Might as well set H , W H,W H,W Represents the length and height of the original matrix , O H , O W OH,OW OH,OW Represents the length of the convolution result 、 high , F H , F W FH,FW FH,FW Represents the length of convolution kernel 、 high , P P P Indicates filling , S S S Indicates the stride .
O H = H + 2 ⋅ P − F H S + 1 O W = W + 2 ⋅ P − F W S + 1 OH =\frac{H + 2\cdot P - FH}{S}+1 \newline OW = \frac{W + 2\cdot P - FW}{S}+ 1 OH=SH+2PFH+1OW=SW+2PFW+1

Code implementation

The principle of convolution operation is very simple , And the code implementation is also very simple .
Through a few for Loop can easily solve , But there are more efficient ways .
We can change the numbers corresponding to the same convolution kernel in the picture into one line , Change the convolution kernel into a column . Then use Matrix multiplication , Convolution operation can be perfectly realized , And one matrix multiplication can calculate the result of the whole picture .
How to change it into one line , The code is given below .

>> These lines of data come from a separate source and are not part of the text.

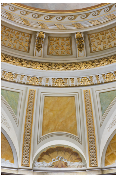
Peinture d'une travée de la coupole. IVR26_20257100278NUC4A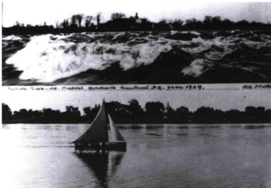
Ces deux clichés ont été réalisés au même endroit, à Bordeaux, celui du haut en 1929 et l'autre, en 1931. Submergés par l'élévation du niveau de l'eau résultant de la construction de la centrale du Sault-su-Récollet, les flots regeurs du Gros-Sault se sont transformés en une surface calme.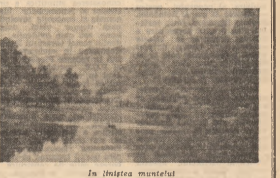
În înălțea muntelui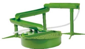
コンパクトなコの字型も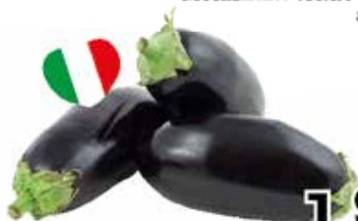
Melanzane tonde sfuse al kg.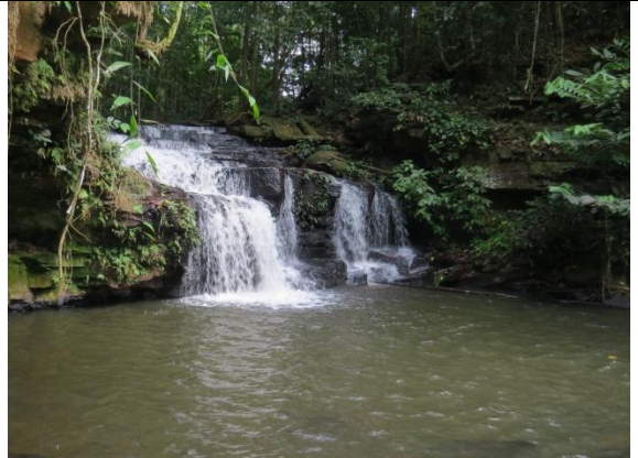
Figura 26 – Cachoeira próxima à entrada da caverna Leonardo da Vinci.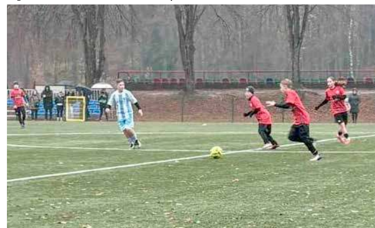
To był kolejny bardzo trudny mecz dla naszych piłkarzy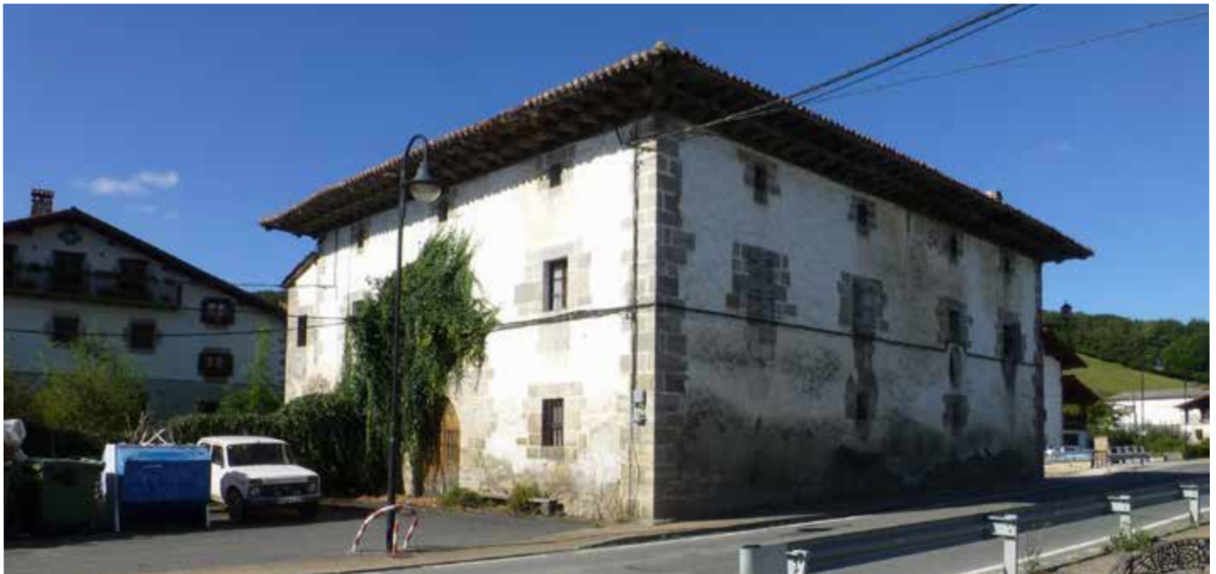
Ez, zinez, ez da nolanhiko etxea ▲

Hemengo hau dugu Auzako Bengoetxea, herriko beheitieneko etxea baita. XVII. mendearen hasieran bertako jabeak Bengoetxea zuten deitura. Aurki etxearen izenetik etorriko zitzaien, garai haietan ohitura handia baitzen etxearen izenetik deitura hartzea. Ondoren Beratsain, Zenotz eta Larunbe deiturak etorriko ziren.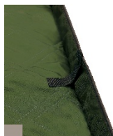
スナップボタンによるシート立ち上げ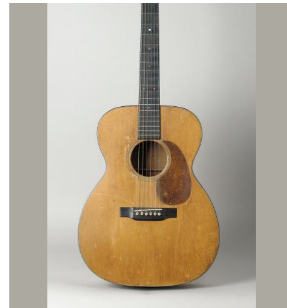
우디 구트리의 마틴 기타, 1937. (EMP 뮤지엄, 시애틀, WA) Woody Guthrie's Martin guitar, 1937. (Courtesy EMP Museum, Seattle, WA)

현대의 관광객이나 방문객이 여행, 선택, 참여를 결정하기 전에 여러 가능성이나 시설, 품질 조사를 위해 디지털 플랫폼을 사용한다는 것은 이미 잘 알려져 있다. 부지런히 연구한 것을 발표하고 해석하는 것, 투명한 사회, 문화, 경제 및 환경 영향 평가, 방문객 편의를 위한 고품질 인프라는 지속 가능한 개발을 보장하기 위해서 타협할 수 없는 부분이다. 이 모든 것은 인도와 한국이 엄청난 약속을 한 UN지속 가능한 개발목표에 대한 벤치마킹이 될 수 있다. 이러한 포괄적인 접근은 인도와 한국의 가치 있고 다양한 유산을 보호하는 데 중요하다. '시멘트와 벽돌' 인프라 개발뿐만 아니라 보존 노력에 대한 투자를 보장하고, 지역 공동체의 범위와 운영 방식 및 주요 이해관계자 참여, 지출 및 이익 공유에 투명성을 제공한다. 가장 중요한 것은 체계적인 감사를 통해 문제를 반성하고 드러내어 대면하는 것이며 그렇게 할 수 있는 수완과 능력이 중요하다. 이를 위해서는 적절한 21세기의 법과 정책이 필요하다. 루트 66 역사의 지정에서 배워야 할 교훈이 있다. 도로, 길, 보도를 따라 남아 있는 역사적인 문화 경관, 한국과 인도의 유적지를 보호하는 것이 급속한 변화 속에서 후손들을 위한 유산이 줄어들지 않도록 보장하는데 중요한 역할을 한다는 것이다.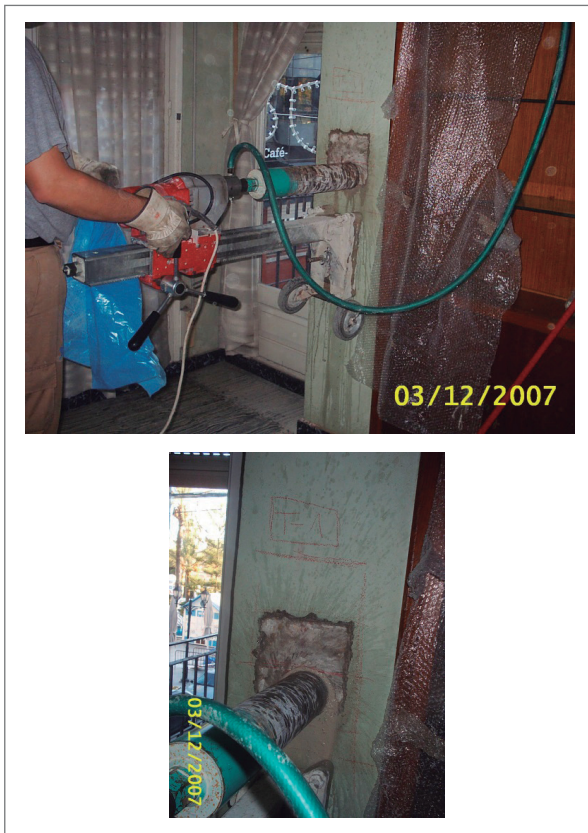
Figura 2. Proceso de extracción de una probeta testigo de hormigón, tras la realización del ensayo mediante ultrasonidos. Véase la corona de diamante para la extracción y el orificio que deja la actuación.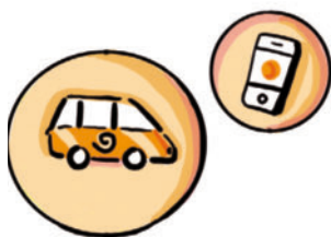
Abb.: Grafikbüro S. Schaaf

Neben den genannten fachspezifischen Gruppen können Sie auch die Facebook-Algorithmen für sich arbeiten lassen und eine kostenpflichtige Anzeige erstellen (lassen), die „lasergenau“ Ihre Zielgruppe erreicht. Hier ist die Hilfe eines Profis mehr als hilfreich. Lassen Sie sich nicht von den Kosten abschrecken. Eine nicht besetzte Stelle kostet in 150 Tagen dramatisch viel mehr Geld als eine professionelle Hilfe bei der Mitarbeitersuche. Beherrzigen Sie das.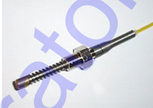
Thermocouples EGT et CHT type « K »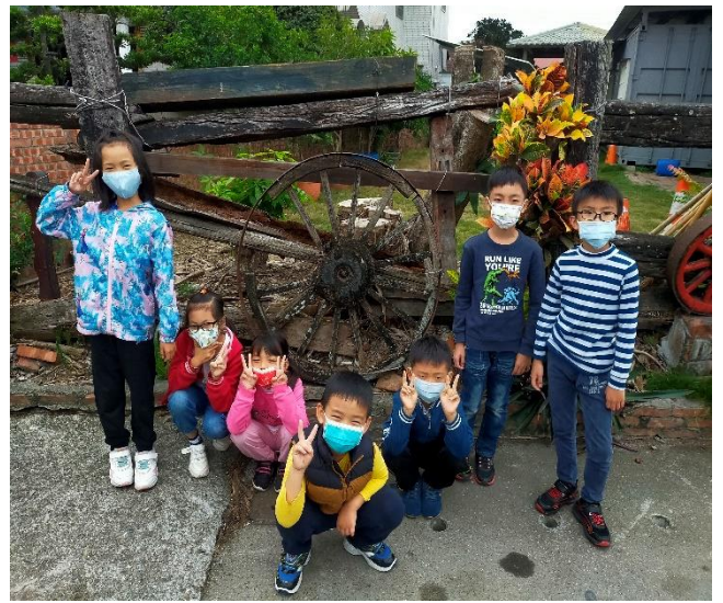
社區巡禮-社區文物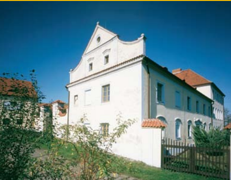
Růžkovy Lhotice Muzeum Podblanicka

Pobočka Muzea Podblanicka v Růžkových Lhoticích sídlí ve zdejší barokní zámku, který byl postaven na místě původní tvrze Oneše Tluksy ze Lhotic ze 14. století a dodnes tvoří dominantu malebné vsíky.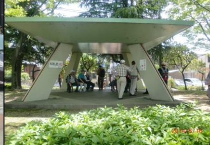
9273 ふれあい緑道の休憩所にて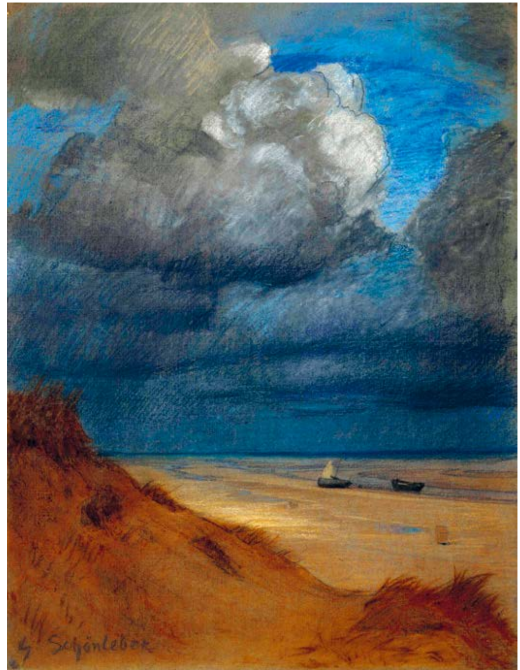
28 Gustav Schönleber, Gewitterstimmung bei La Panne , 1889 Kohle, Pastellkreide auf Büttenpapier, 90 × 70 cm Städtische Galerie Bietigheim-Bissingen

Walter Strich-Chapell (1877-1960), ein Schüler von Gustav Schönleber, konzentrierte sich im Unterschied zu seinem Lehrer vor allem auf die heimatliche Landschaft der Schwäbischen Alb. In seinen klar strukturierten Landschaftskompositionen sind es in erster Linie die differenziert gemalten Wolken, die den Bildern ihre Lebendigkeit und atmosphärische Wirkung verleihen (Abb. 30).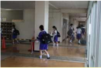
登校時に、昇降口でアルコール手指消毒をします。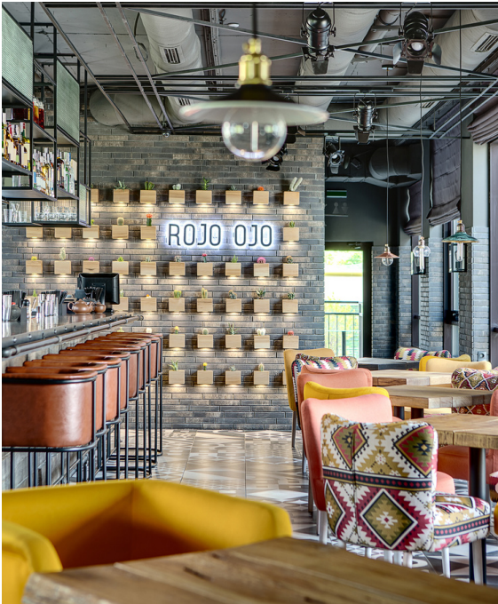
LAMP $50 Versatile and trendy.

Πιείτε, φάτε & διασκεδάστε στα μαγαζιά μας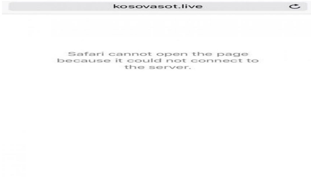
Figura 5: Mbyllja e portalit “fake news”, në Kosovë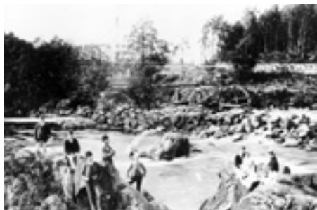
Resterna av kvarnen 1890- talet. Höljen nedanför till vänster.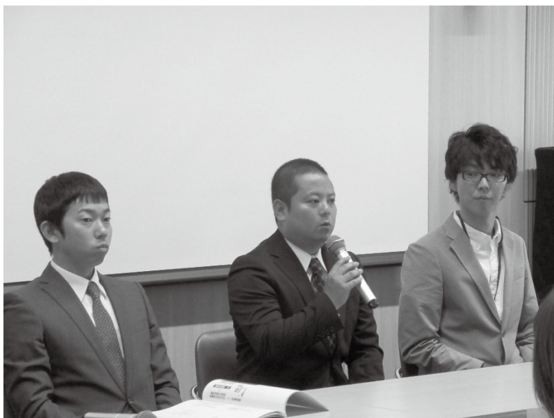
第9回 埼玉県リハビリ三団体主催会 訪問リハビリテーション実務者研修会（BASIC）コース

def im2col(input_data, filter_h, filter_w, stride=1, pad=0):
    """ Parameters ---------- input_data :  from ( Data volume ,  passageway ,  high ,  Long ) Of 4 Input data made up of dimension array  filter_h :  The height of the filter  filter_w :  The length of the filter  stride :  Stride  pad :  fill  Returns ------- col : 2 Dimension group  """
    N, C, H, W = input_data.shape
    out_h = (H + 2*pad - filter_h)//stride + 1
    out_w = (W + 2*pad - filter_w)//stride + 1

    img = np.pad(input_data, [(0,0), (0,0), (pad, pad), (pad, pad)], 'constant')
    col = np.zeros((N, C, filter_h, filter_w, out_h, out_w))

    for y in range(filter_h):
        y_max = y + stride*out_h
        for x in range(filter_w):
            x_max = x + stride*out_w
            col[:, :, y, x, :, :] = img[:, :, y:y_max:stride, x:x_max:stride]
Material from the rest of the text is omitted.